You've come to the right place then.... You can't register your pup with any registry like UKC, ADBA, AKC, or ABKC. Is that the said pedigree for your pup? The only registry it should be registered with is the ABKC because that an American Bully pedigree; however, the ABKC only accepts UKC, ADBA, and AKC papers to register with them. Like Sadie said, I could register my son's bully hamsters with the CKC and call them American Bullyhams and they'd be okay with it.


----------



## Sadie

Lauren I wasn't sure if the ABKC took CKC paper's or not LOL Now I know hehehe.


----------



## pitbullmamanatl

Sadie said:


> Lauren I wasn't sure if the ABKC took CKC paper's or not LOL Now I know hehehe.


lol nope not even the ABKC accepts that registry's paperwork


----------



## guudlook

woooow that sucks hmmm im going to question her about this.. i saw advertisements for abkc and abda. but i do remember her genuinely telling me they were her sis pups. so i cant fault her i was more interested in a pet at the time. and coming to this site got me interested in the competition side. so basically a conflict of interest siiiigh lol


----------



## Powerlinek1

Hi everyone I'd like to take the opportunity to introduce myself. My name is Josh owner of PowerLine kennels. There has been a couple question about our integrity as a breeder and staying true to the breed. They are not even close to xl bullies we do not post all the pedigrees on our Web site for the simple fact I love talking about our dogs and how they've been bred and why we chose to breed the way we do. There are very few pitbull breeders. It's funny how everyone talks about pedigrees and where there dogs came from when not to long ago all bullies were regestered as American pitbull terrors. All these other breeders posted there pedigrees and yet now have changed peds to bullies which means all these dogs had papers hung one way or another. We chose dogs to bring in our program for certain qualitys. We do stand out to some cause we don't breed according to popular trends. Our dogs have a spicifiec look to them. I can always tell when someone uses a PowerLine dog in there program. If anyone has anymore questions please Google PowerLine kennels and feel free to call or text me any time. Those who want updated pictures since the website is quit out dated which we will be changing soon please don't hesitate to call or text as well. Thanks Josh p.s lol of course we don't actually believe they have 0 percent body fat all be the first to say we have actually never had there body fat tested before however they are rediculasly lean and extremly muscular! " blue ace says those days are over"


----------



## EckoMac

A. This thread is 4 years old.
B. With out peds no one knows what you actually have on your yard.
C. It's American Pit Bull Terrier, not American Pitbull Terrier. 
D. Every thing that was quoted in this thread was pulled directly from your website. 

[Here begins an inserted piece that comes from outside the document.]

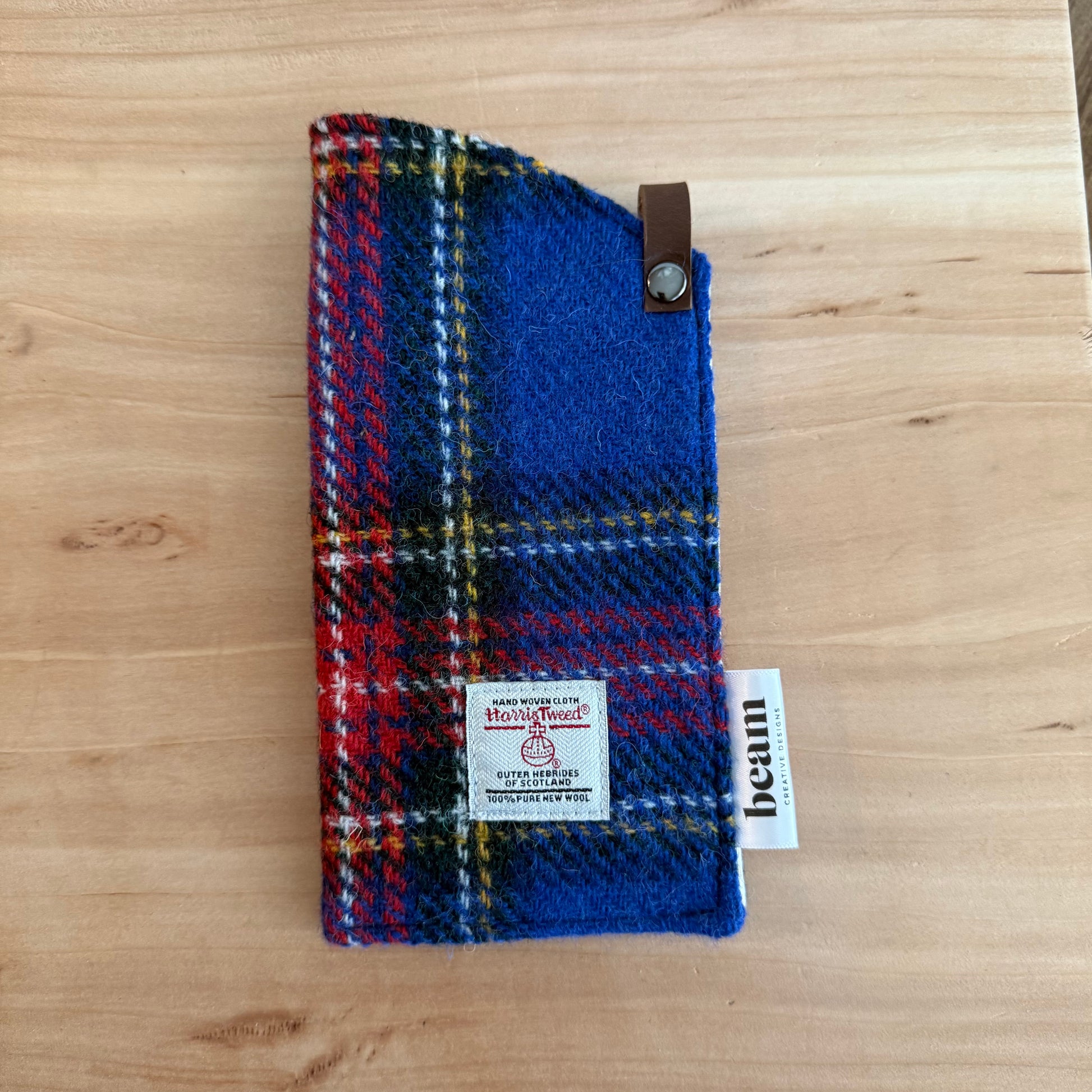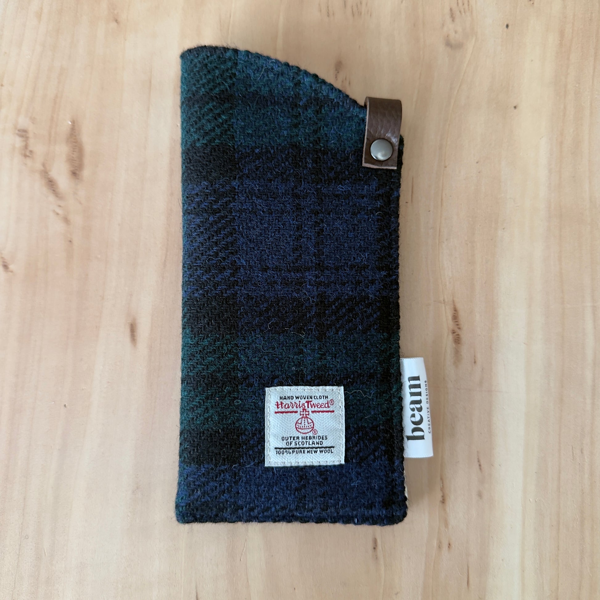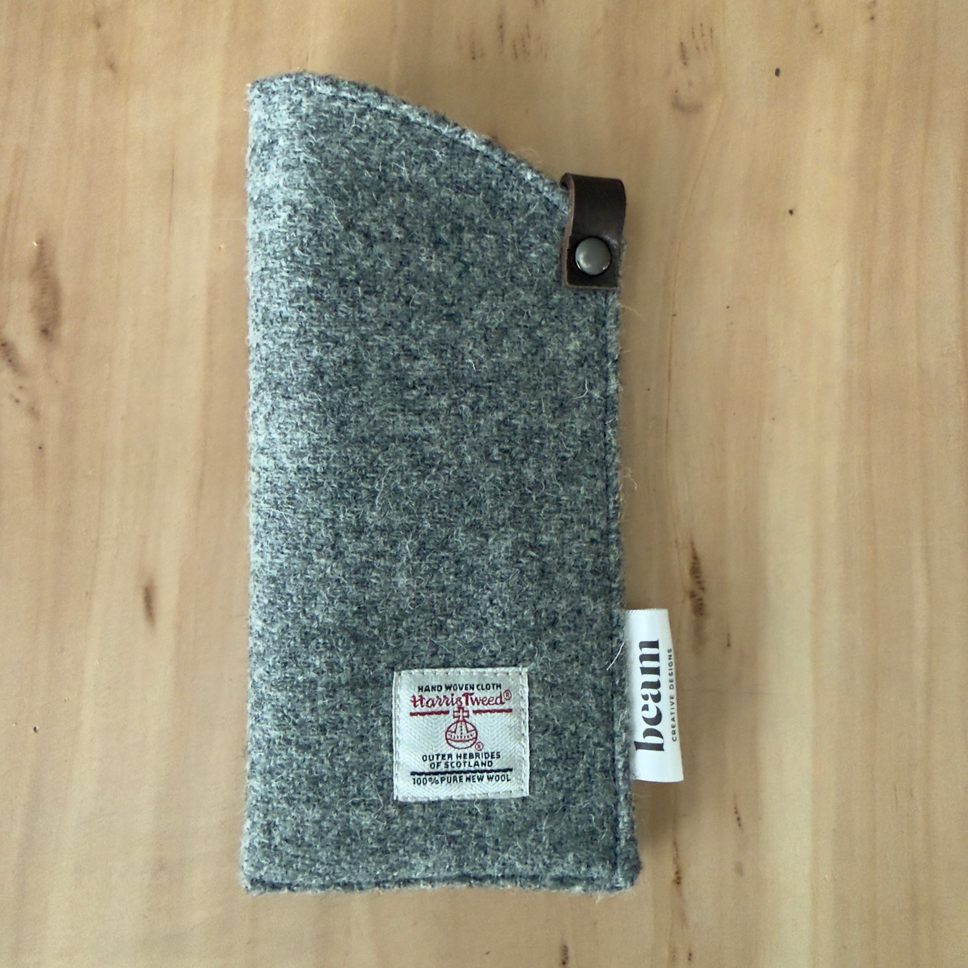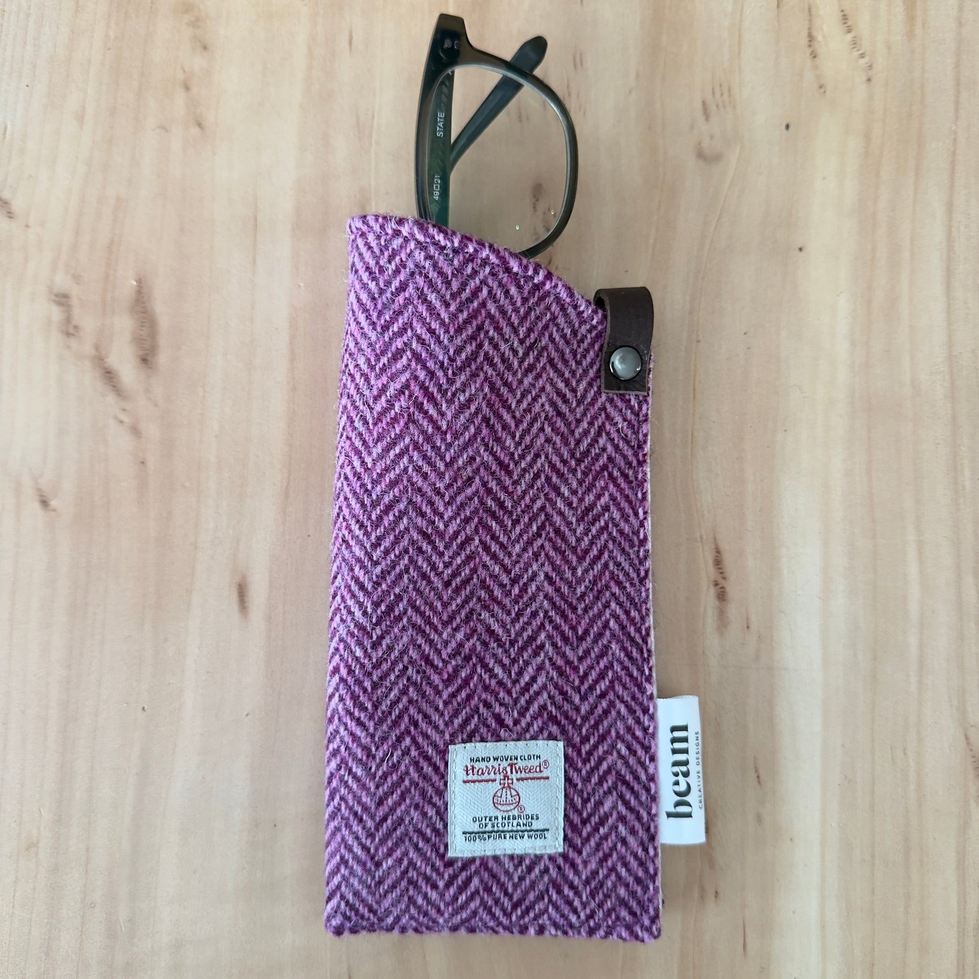 This is the perfect glasses case! Constructed of Harris Tweed and lined with cotton. Has a small leather tab to help grab it out of your bag.
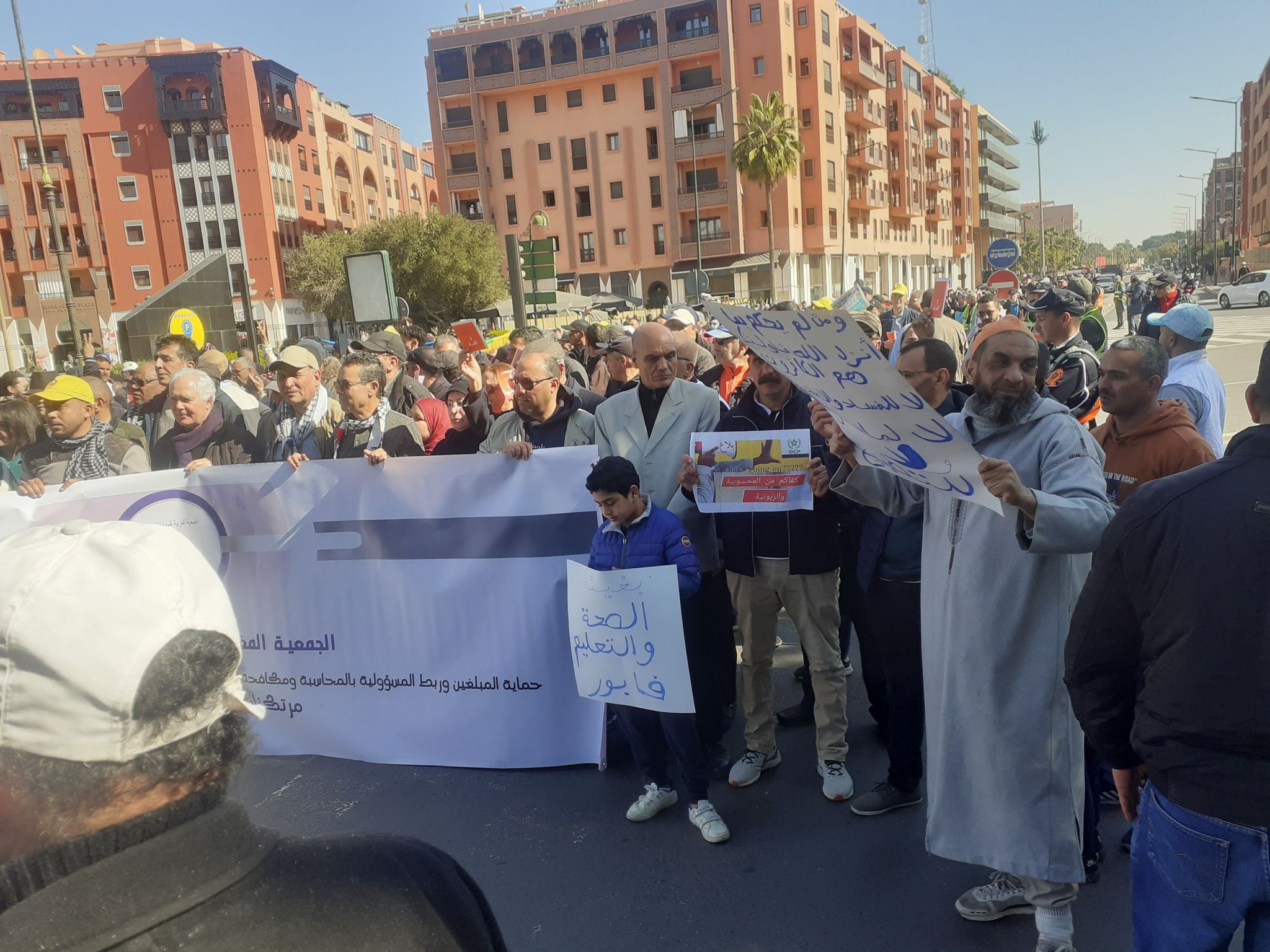 انطلقت المسيرة من باب دكالة باتجاه شارع محمد الخامس، بحضور أكثر من 400 مشارك، بينهم متضررون من زلزال الأطلس الكبير.

Your dogs are very fit and appear well exercised, but I can almost bet that there's not a single APBT on your yard.


----------



## treetop

Hi I am new here I am just trying to get some info on my American Pitbull her name is sunshine and she is somewhere between 1 and 3 years I just got her two weeks ago from the humane society she was rescued she was starving and under weight she is still under weight. I took her to the park today and she ran and chased and played with another dog but when we were on the way home she started acting like her back legs were weak and almost kinda dragging them slightly and I have noticed since shes been with me she has a hard time getting into the car and on the bed and couch she has hard time getting her back end up?? I am just curious if this is something I should worry about or should I just keep trying to get her healthy and gaining weight


----------



## JoKealoha

treetop said:


> Hi I am new here I am just trying to get some info on my American Pitbull her name is sunshine and she is somewhere between 1 and 3 years I just got her two weeks ago from the humane society she was rescued she was starving and under weight she is still under weight. I took her to the park today and she ran and chased and played with another dog but when we were on the way home she started acting like her back legs were weak and almost kinda dragging them slightly and I have noticed since shes been with me she has a hard time getting into the car and on the bed and couch she has hard time getting her back end up?? I am just curious if this is something I should worry about or should I just keep trying to get her healthy and gaining weight


take her to the vet for a full check up.
if your dog is not in good health, and you are not familiar with her background, you should take it very slow when it comes to her exercise. and interaction with other dogs.
too much too soon is bad. walking on a leash is all the exercise she needs for now. running and jumping can be hard on her if she has never done that before.


----------